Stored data
# # # # #

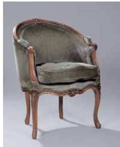
Fauteuil de bureau de forme gondole Epoque Louis XV H. 83 x L. 55 x P. 58 cm
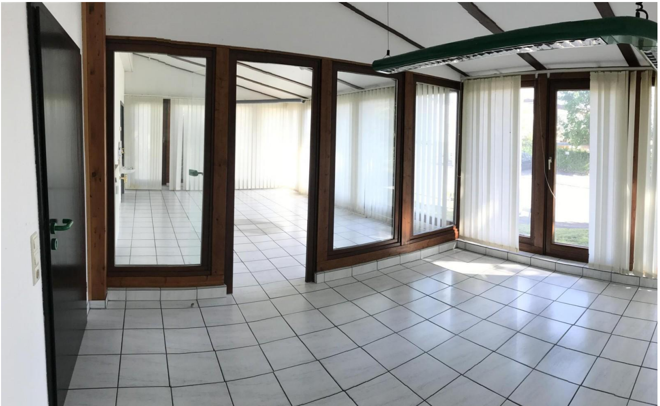
Wintergarten mit Klima, Südw.
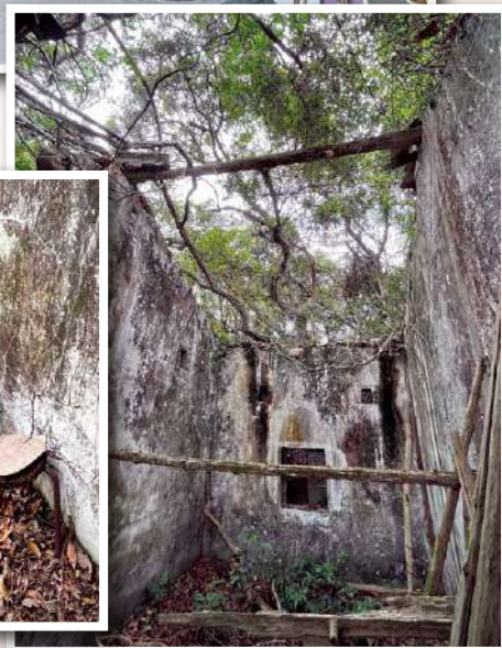
▲ 我在今年五月底去過黃宜洲一次。當時植物還沒有這麼高，我進入了黃宜洲堂內部，拍了幾幅相。沒料到這次再參觀已進不了去。這幾幅相，僅供參考。
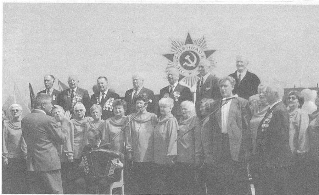
Хор ветэранаў вайны і працы г. Крычаў.

рэпертуар аркестра ўваходзяць творы розных жанраў: танцавальная музыка, а таксама творы замежных, рускіх і беларускіх аўтараў, уласныя інструментоўкі ўдзельнікаў аркестра. Адзін з асноўных напрамкаў творчасці калектыву – вакальнае выкананне ў суправаджэнні аркестра. Аркестр прымаў удзел у 2001 г. у абласным фестывалі «Па галоўнай вуліцы з аркестрам...», у рэгіянальным аглядзе мастацкай самадзейнасці, выступаў у многіх гарадах рэспублікі.
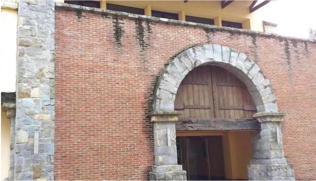
Basilico comentario 8
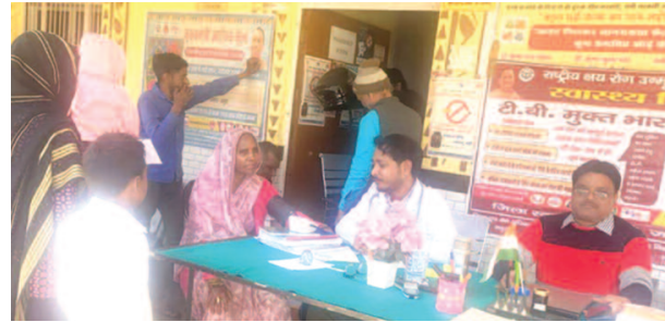
टीबी शिविर में उपस्थित स्वास्थ्य विभाग के अधिकारी।

शासन के निर्देश पर जिले के ग्रामीण और शहरी क्षेत्रों में लगाए सौ टीबी शिविरों में स्वास्थ्य विभाग की टीमों ने 4568 महिला, पुरुष और युवाओं की जांच की। इसमें लक्षणों के आधार पर 276 लोगों को संभावित टीबी मरीज के रूप में चिन्हित किया गया। इन सभी की बलगम जांच नॉट मशीन से कराई गई। जांच के बाद 38 मरीजों में टीबी की पुष्टि हुई। सभी मरीजों का उपचार तुरंत शुरू कर दिया
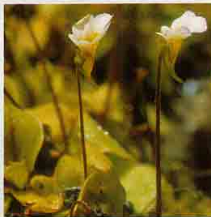
Πιγκουικούλα η κρυστάλλινη

Πολυετές το οποίο απαντά σε υγρότοπους σε υψόμ. μέχρι 1.600 m.
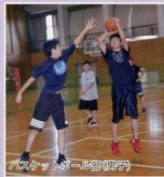
バスケットボール部(男子)
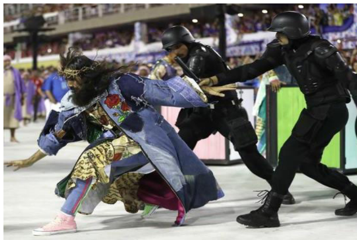
Figura 1: Jesus agredido por policiais na representação da comissão de frente

Terceira escola a desfilir no domingo de Carnaval em 2020, a Mangueira se apresentou com 4 mil componentes distribuídos entre 19 alas, cinco alegorias e três tripés. Intitulada Seu nome é Jesus da gente , a comissão de frente (Figura 1) apresentou um Jesus branco, com cabelos longos, barba e uma coroa de espinhos sobre a cabeça. Embora a fisionomia fosse semelhante à imagem clássica do personagem, seu figurino, assim como a roupa dos apóstolos que o acompanham, era moderno e remetia ao modo de vestir dos jovens das periferias urbanas, com roupas jeans repletas de retalhos, tênis, bandanas e bonés. Os integrantes executam passos de street dance , tiram selfies , são revistados e agredidos pela polícia. Como elemento cenográfico, utilizam 14 cubos, que se transformam em cruz, caixas de som de um baile funk, na mesa da Santa Ceia e no Morro da Mangueira, junto à quadra da agremiação.
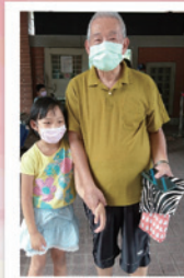
新生入學，一起手牽手進入校園

# # # # #

Work required: Send back the entries above exactly. Skip the images.

Solution for this problem:
Fauteuil de bureau de forme gondole Epoque Louis XV H. 83 x L. 55 x P. 58 cm
Wintergarten mit Klima, Südw.
▲ 我在今年五月底去過黃宜洲一次。當時植物還沒有這麼高，我進入了黃宜洲堂內部，拍了幾幅相。沒料到這次再參觀已進不了去。這幾幅相，僅供參考。
Хор ветэранаў вайны і працы г. Крычаў.

рэпертуар аркестра ўваходзяць творы розных жанраў: танцавальная музыка, а таксама творы замежных, рускіх і беларускіх аўтараў, уласныя інструментоўкі ўдзельнікаў аркестра. Адзін з асноўных напрамкаў творчасці калектыву – вакальнае выкананне ў суправаджэнні аркестра. Аркестр прымаў удзел у 2001 г. у абласным фестывалі «Па галоўнай вуліцы з аркестрам...», у рэгіянальным аглядзе мастацкай самадзейнасці, выступаў у многіх гарадах рэспублікі.
Basilico comentario 8
टीबी शिविर में उपस्थित स्वास्थ्य विभाग के अधिकारी।

शासन के निर्देश पर जिले के ग्रामीण और शहरी क्षेत्रों में लगाए सौ टीबी शिविरों में स्वास्थ्य विभाग की टीमों ने 4568 महिला, पुरुष और युवाओं की जांच की। इसमें लक्षणों के आधार पर 276 लोगों को संभावित टीबी मरीज के रूप में चिन्हित किया गया। इन सभी की बलगम जांच नॉट मशीन से कराई गई। जांच के बाद 38 मरीजों में टीबी की पुष्टि हुई। सभी मरीजों का उपचार तुरंत शुरू कर दिया
Πιγκουικούλα η κρυστάλλινη

Πολυετές το οποίο απαντά σε υγρότοπους σε υψόμ. μέχρι 1.600 m.
バスケットボール部(男子)
Figura 1: Jesus agredido por policiais na representação da comissão de frente

Terceira escola a desfilir no domingo de Carnaval em 2020, a Mangueira se apresentou com 4 mil componentes distribuídos entre 19 alas, cinco alegorias e três tripés. Intitulada Seu nome é Jesus da gente , a comissão de frente (Figura 1) apresentou um Jesus branco, com cabelos longos, barba e uma coroa de espinhos sobre a cabeça. Embora a fisionomia fosse semelhante à imagem clássica do personagem, seu figurino, assim como a roupa dos apóstolos que o acompanham, era moderno e remetia ao modo de vestir dos jovens das periferias urbanas, com roupas jeans repletas de retalhos, tênis, bandanas e bonés. Os integrantes executam passos de street dance , tiram selfies , são revistados e agredidos pela polícia. Como elemento cenográfico, utilizam 14 cubos, que se transformam em cruz, caixas de som de um baile funk, na mesa da Santa Ceia e no Morro da Mangueira, junto à quadra da agremiação.
新生入學，一起手牽手進入校園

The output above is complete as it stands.